Kennedy charged the audience to protect and preserve the U.S. Constitution in light of the challenges presented by the War on Terror.

"As the lawyers and leaders and senators of the future, you have a special obligation to educate the public on these issues by teaching and writing and speaking about them, and working with groups that care about these issues," he said. "So you have your assignment."

Kennedy was the second-most senior member of the Senate, and is the third-longest-serving senator of all time. More than 300 bills that Kennedy wrote have been enacted into law, and he played a major role in passing many pieces of legislation, including those focusing on immigration, civil rights, expanding health care and the rights of the disabled, and education reform, including efforts to increase aid for higher education and win passage of President George W. Bush's No Child Left Behind Act.

He ran for president in 1980, but lost the Democratic nomination to Jimmy Carter.

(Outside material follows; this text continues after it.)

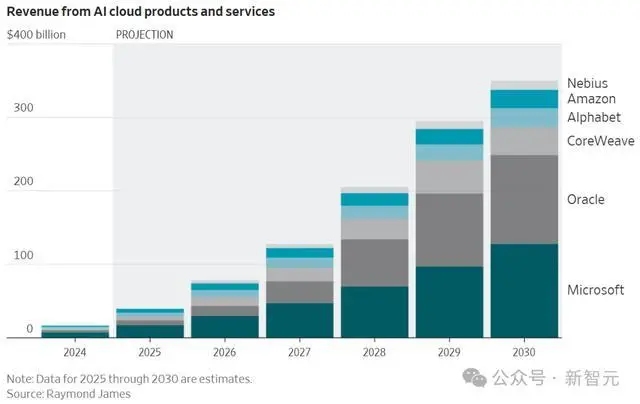 微软、Oracle、CoreWeave、Alphabet、亚马逊、Nebius的AI云产品与服务收入

Caplin, who remained close to the Kennedy family over the years and informally advised Edward Kennedy on tax issues, praised his years of service in the Senate, including his most recent position as chairman of the Senate Health, Education, Labor and Pensions Committee.

"Kennedy was a giant in the Senate. He was the head of so many important committees," Caplin said. "He knows more about health care than anyone in the Senate. It's a great loss to Barack Obama not to have Kennedy at his side."